Team manager Gordon Jones managed to persuade ex-England international Terry Paine to make the trip for the final game at the end of a fortnight, and took along a motley crew from York, Hartlepool and Darlington. “I didn’t want any straight-laced sods,” insisted Gordon. 

Crook was also home to Jack Greenwell, one of FC Barcelona’s early pioneers who organised three tours to Catalonia for his local club. A picture of a young Jack is among the dozen or so fading framed prints on the Millfield walls. A half-dozen gather dust on the floor, awaiting new nails and pins. Highlights of India feature heavily.

Mike Amos also points out Crook’s legendary cup runs depicted on the walls, including the 1939 FA Amateur Cup Final against Bishop Auckland. An initial draw at Wembley and subsequent replays at St James’ Park and Ayresome Park generated a combined crowd of 200,000. 

Crook’s current manager Jamie Tunstall had talked pre-match about reversing his side’s poor start to the league season.
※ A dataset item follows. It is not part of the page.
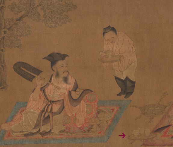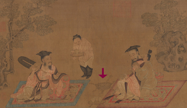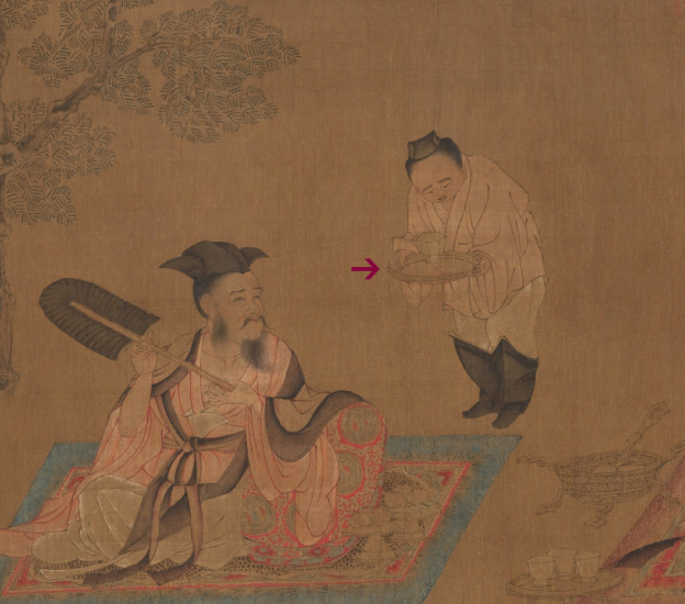 ,依靠花枕而坐,面前摆放着两盘仙桃蔬果,一位侍者双手恭敬地捧着放置酒杯的盏托,立于一旁,可以推断其人就是阮籍。

It only took visitors Kendal ten seconds to go 1-0 up. Although Crook’s Corey Nicholson could have set up an equally dramatic finish to the game, his penalty didn’t register.

On the weekend of August 16-17, therefore, Kendal will travel to the winners of West Allotment Celtic and Northallerton Town, who drew 1-1 while Crook and the Cumbrians were doing battle.

For Mike Amos, the Preliminary Round could mean a trip to West Auckland Town or Newton Aycliffe, Birtley Town or possibly Whickham FC. As ever, the North East is his oyster.

Saturday’s defeat overshadowed Crook’s FA Cup heroics of last season, when they beat Ashington to reach the Second Qualifying Round, where they lost to Witton Albion in front of 571 spectators.

The disappointment was not lost on manager Tunstall, whose team has to make the four-hour return trek to Kendal to fulfil a league fixture this Saturday: “Some of the lads don’t know how lucky they are to play in the FA Cup. Hopefully they’ll realise it one day”.

“I was fortunate enough to play for Northallerton and score in the FA Cup. When I tell that to my eight-year-old son, he loves it. He thinks it’s amazing.”